Edited by magiccabbage - 12/7/13 at 5:21am
post #942 of 8935
Quote:
Originally Posted by magiccabbage View Post
 

Anyone know if there is a collection of Mahler symphonies worth getting? I have heard of the Chicago symphony orchestra with george solti as conductor. I think it was symphony no5 that i heard in my friends house and it sounded really good to me but is there anything else i should look out for? 

 

maybe this is good?  http://www.amazon.co.uk/Gustav-Mahler-Complete-Works-Anniversary/dp/B003D0ZNWY/ref=sr_1_1?s=music&ie=UTF8&qid=1386422403&sr=1-1&keywords=mahler

Very nice set indeed

 

I also like Bertini, Tennstedt or both Bernstein sets..

 

http://www.amazon.co.uk/Mahler-Complete-Symphonies-Leonard-Bernstein/dp/B001TIQT98/ref=sr_1_1?s=music&ie=UTF8&qid=1386424277&sr=1-1&keywords=complete+mahler+symphonies+bernstein

 

and others :p 

 

-edit-  Gielen is very nice too but a bit expensive. Levine is cool as well IMO


Edited by Quinto - 12/7/13 at 6:22am
post #943 of 8935
Quote:
Originally Posted by bigshot View Post

Tchaikovsky's 1st symphony is fantastic.

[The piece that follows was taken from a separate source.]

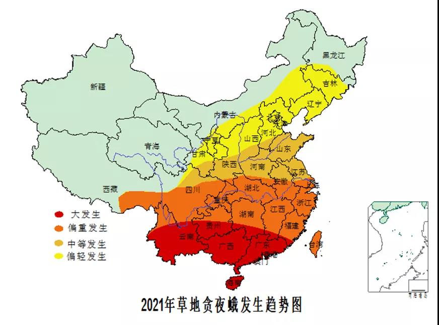 预计2021年草地贪夜蛾在西南、华南、长江中下游和江淮地区呈重发态势,需重点防控;南方成虫发生期,遇适宜的东亚季风或台风事件,可助力虫源北迁,西北、黄淮、华北和东北需加强防范;预计全国发生面积为2,000万亩以上,防治面积为3,000万亩次以上。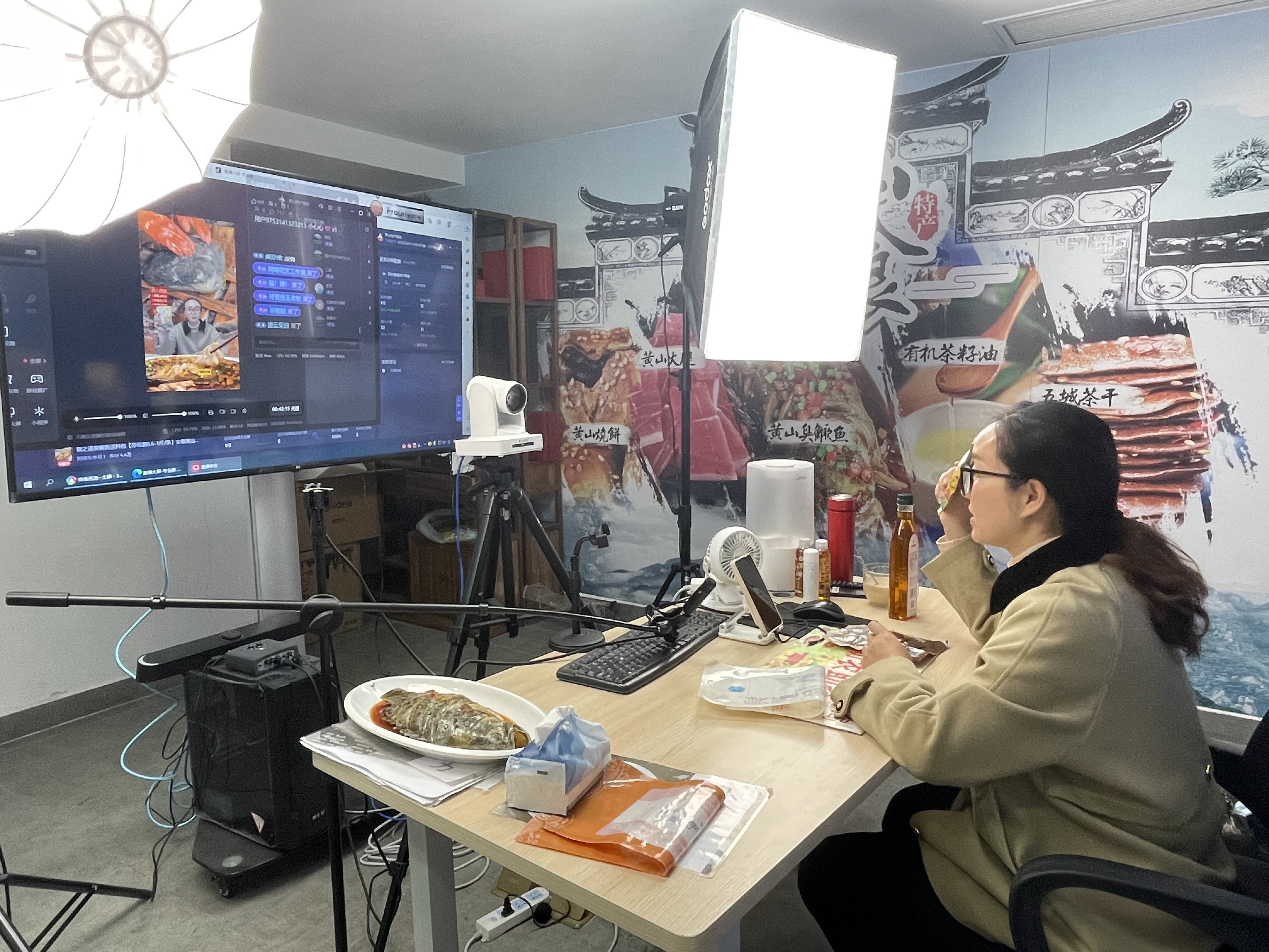 在黄山商维优选电子商务有限公司,电商主播正在直播间里介绍徽州臭鳜鱼、黄山腐乳等当地特色农产品。据了解,随着互联网行业的快速发展,农村电商发展势头良好,农特产品销售逐步转向线上化,黄山商维优选电子商务有限公司抢抓有利时机,建立农户农超对接机制,通过“你种我销、你养我卖”“线上线下、同城对接”等模式帮助小农户自产农特产品“出村进城”。

Don't pass that one by.
Absolutely! My favourite recordings are Smetacek with the Prague Symphony Orchestra (quirky and characterful Czech orchestral playing) and Maazel with the Vienna Philharmonic.
post #944 of 8935

I don't care much for Solti's Mahler. A little too angsty for me. I like Tennstedt and Walter.

post #945 of 8935
Quote:
Originally Posted by bigshot View Post
 

I don't care much for Solti's Mahler. A little too angsty for me. I like Tennstedt and Walter.


I love Solti Mahler especially when I was a kid.